Eventually, it was one of the twins who registered us in an Anglican School, United City College, when it was time to attend Secondary School. He was a teacher in the school and he had, one afternoon, brought the forms of the school home and asked us to register. The surprise was that we were registered at the school with the consent of our father who had only less than two years before, caused us to adopt Muslim names in cognizance of his new found faith. Though also a Christian school, United City College had a different orientation from the Catholic school. The ritual was less intense and the atmosphere was less regimented. There was much more songs and games and drama in the school and social life was freer. We were in the boarding school, and every Friday, we were allowed to go home at least for two hours. Sometimes, we took excursion to other schools and on some occasions we were allowed to stay the night during which we shared social activities. Of course, we were now older than when we attended St. Peter's. We were mature and so trusted with more freedom.

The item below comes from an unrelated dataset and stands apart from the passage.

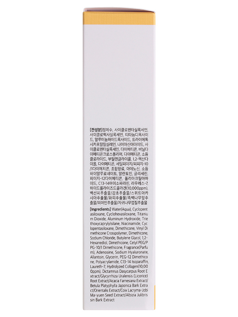 Water, Cyclopentasiloxane, Cyclohexasiloxane, Titanium Dioxide , Aluminum Hydroxide, Triethoxycaprylylsilane, Niacinamide, Cyclopentasiloxane, Dimethicone/Vinyl Dimethicone Crosspolymer, Dimethicone, Sodium Chloride, Butylene Glycol, 1,2-Hexanediol, Dimethicone, Hydrolyzed Collagen, Cetyl PEG/PPG-10/1 Dimethicone, Fragrance, Adenosine, Sodium Hyaluronate, Allantoin, Glycerin, PEG-12 Dimethicone, Polyacrylamide, C13-14 Isoparaffin, Laureth-, Dictamnus Dasycarpus Root Extract, Glycyrrhiza Uralensis (Licorice) Root Extract, Acacia Farnesiana Extract, Betula Platyphylla Japonica Bark Extract, Thuja Orientalis Extract, Coix Lacryma-Jobi Ma-yuen Seed Extract, Albizia Julibrissin Bark Extract

A shock find. In the curriculum of the Anglican United City College, there was the Islamic Religious Knowledge, IRK, which was made compulsory for all Form One Students just like the CRK -- Christian Religious Knowledge. The residual knowledge from the Arabic school was of great advantage here as our unformed tongues relished the singsongs of the surahs. Most of the teachers in the schools were Christians, but there were about three that were indeed Muslims; and every Friday afternoon there were special Jumat services, which the students were made to attend. It became fashionable for almost all the students to attend them as the service was always followed by the special meal of Tuwo and Gbegiri (millet meal and bean soup). On Sunday, it was the tasty rice and chicken stew. The foodstuffs came always from the large farm at the back of the school where every student had a little portion of land and was allowed to plant variety of crops. At the end of every school term, harvest from each student's farm, which had been recorded at end of every week, were adjudged and awarded marks for the Agricultural Sciences class.

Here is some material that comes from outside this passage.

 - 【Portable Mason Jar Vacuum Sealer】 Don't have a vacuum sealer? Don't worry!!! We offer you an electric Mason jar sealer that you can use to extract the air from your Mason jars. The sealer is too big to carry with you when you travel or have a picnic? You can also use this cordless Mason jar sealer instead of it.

However, the romantic feel of United City College was short-lived at the end of our first term in Class two when then General Olusegun Obasanjo's Government abolished private ownership of schools. The students of the school were relocated to some other schools that had earlier been taken over from the missionaries by the military government.
We were relocated to Progress College, which though had a Christian background, was not so pronounced in the profession of allegiance to any Christian denomination. However, we would not even attend classes for a day at Progress as yet another circumstantial occurrence would intervene. A stocky elderly fellow, who was later to be identified by me as Baba Friday, had taken it upon himself to intervene. He would not allow his son Friday to attend Progress College, a school already labeled as peopled by miscreant-like youths who were known to play pranks around town when their mates were in school. Being perhaps the most educated in the neighborhood -- he was a supervisor in one of the factories owned by the Asians on the other side of town and only came around at weekends -- Baba Friday's opinion was highly respected in matter of schooling. He had decreed that none of the young ones relocated to Progress College would attend the school.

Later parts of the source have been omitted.